◆ **Source data**:
==========

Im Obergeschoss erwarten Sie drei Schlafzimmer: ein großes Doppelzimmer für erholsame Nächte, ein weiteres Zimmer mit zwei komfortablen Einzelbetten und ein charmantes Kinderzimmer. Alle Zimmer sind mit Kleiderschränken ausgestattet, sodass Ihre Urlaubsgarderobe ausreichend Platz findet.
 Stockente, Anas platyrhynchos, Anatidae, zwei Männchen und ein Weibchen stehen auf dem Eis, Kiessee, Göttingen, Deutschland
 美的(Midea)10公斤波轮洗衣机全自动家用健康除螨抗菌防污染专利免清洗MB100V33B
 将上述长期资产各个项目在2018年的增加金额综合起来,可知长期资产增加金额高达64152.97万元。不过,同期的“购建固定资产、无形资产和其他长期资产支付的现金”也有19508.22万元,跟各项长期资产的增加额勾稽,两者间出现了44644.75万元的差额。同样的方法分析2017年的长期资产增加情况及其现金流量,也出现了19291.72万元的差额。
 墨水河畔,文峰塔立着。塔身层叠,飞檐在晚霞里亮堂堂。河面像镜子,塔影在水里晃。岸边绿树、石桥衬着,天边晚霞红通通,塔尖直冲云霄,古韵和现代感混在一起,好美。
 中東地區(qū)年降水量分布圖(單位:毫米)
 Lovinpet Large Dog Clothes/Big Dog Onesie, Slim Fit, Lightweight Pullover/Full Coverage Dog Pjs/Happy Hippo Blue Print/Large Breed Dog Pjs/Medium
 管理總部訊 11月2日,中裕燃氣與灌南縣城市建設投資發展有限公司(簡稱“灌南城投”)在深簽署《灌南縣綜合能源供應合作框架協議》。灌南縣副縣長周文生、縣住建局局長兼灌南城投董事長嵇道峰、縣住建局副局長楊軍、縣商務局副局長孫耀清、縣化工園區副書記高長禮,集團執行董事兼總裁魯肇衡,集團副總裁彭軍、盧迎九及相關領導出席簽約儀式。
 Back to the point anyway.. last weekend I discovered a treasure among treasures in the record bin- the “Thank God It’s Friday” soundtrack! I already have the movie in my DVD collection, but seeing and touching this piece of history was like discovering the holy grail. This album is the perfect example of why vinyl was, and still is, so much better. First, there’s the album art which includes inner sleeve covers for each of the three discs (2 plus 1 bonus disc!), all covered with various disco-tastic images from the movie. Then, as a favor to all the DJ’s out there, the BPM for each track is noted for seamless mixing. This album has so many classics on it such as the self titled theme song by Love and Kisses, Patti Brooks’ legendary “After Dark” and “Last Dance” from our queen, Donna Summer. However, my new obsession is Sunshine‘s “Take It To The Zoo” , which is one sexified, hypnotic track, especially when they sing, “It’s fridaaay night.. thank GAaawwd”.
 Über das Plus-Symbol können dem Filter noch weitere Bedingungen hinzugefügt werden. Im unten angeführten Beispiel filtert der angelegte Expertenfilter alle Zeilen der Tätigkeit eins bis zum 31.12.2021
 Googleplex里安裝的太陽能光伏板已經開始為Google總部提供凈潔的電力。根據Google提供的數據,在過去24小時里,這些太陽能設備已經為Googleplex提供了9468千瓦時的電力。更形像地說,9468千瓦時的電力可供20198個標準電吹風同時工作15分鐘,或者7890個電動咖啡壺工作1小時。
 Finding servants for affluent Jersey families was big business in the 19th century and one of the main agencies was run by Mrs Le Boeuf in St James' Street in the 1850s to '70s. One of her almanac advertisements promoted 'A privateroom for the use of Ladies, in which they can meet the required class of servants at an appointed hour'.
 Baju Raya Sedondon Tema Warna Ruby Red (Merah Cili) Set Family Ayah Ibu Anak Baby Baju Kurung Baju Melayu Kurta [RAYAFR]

==========

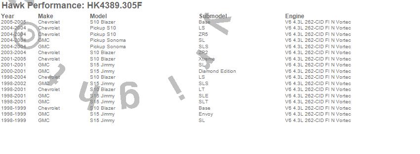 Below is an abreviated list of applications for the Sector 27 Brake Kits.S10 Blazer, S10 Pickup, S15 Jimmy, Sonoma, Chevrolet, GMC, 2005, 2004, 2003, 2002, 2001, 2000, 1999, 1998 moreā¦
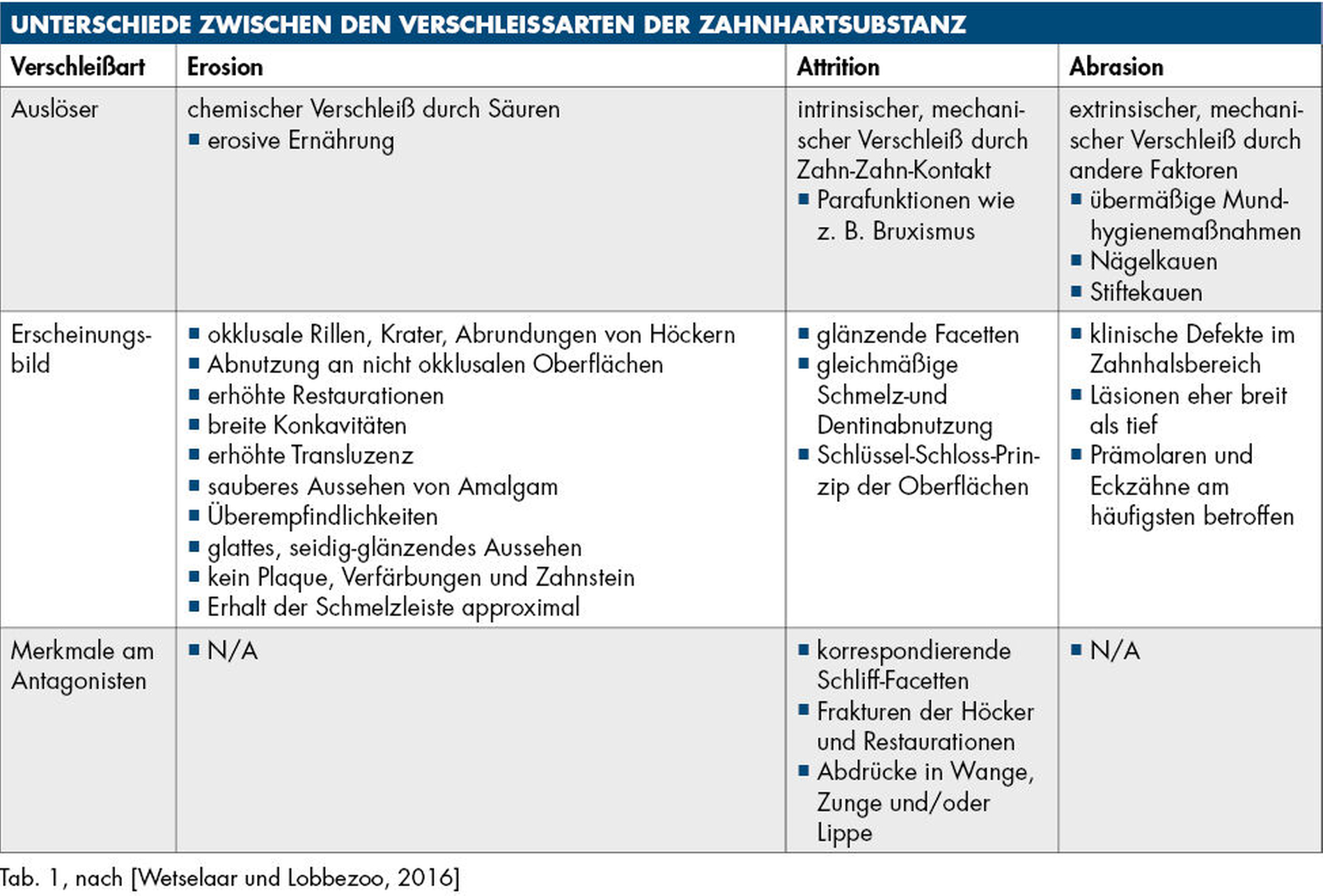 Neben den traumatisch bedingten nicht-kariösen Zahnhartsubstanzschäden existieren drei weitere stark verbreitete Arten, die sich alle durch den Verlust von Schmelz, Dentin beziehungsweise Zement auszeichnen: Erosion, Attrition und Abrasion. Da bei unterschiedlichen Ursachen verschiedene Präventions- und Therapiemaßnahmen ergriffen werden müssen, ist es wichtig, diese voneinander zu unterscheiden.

==========

Copy all lines from the material that include "zwei".

Im Obergeschoss erwarten Sie drei Schlafzimmer: ein großes Doppelzimmer für erholsame Nächte, ein weiteres Zimmer mit zwei komfortablen Einzelbetten und ein charmantes Kinderzimmer. Alle Zimmer sind mit Kleiderschränken ausgestattet, sodass Ihre Urlaubsgarderobe ausreichend Platz findet.
 Stockente, Anas platyrhynchos, Anatidae, zwei Männchen und ein Weibchen stehen auf dem Eis, Kiessee, Göttingen, Deutschland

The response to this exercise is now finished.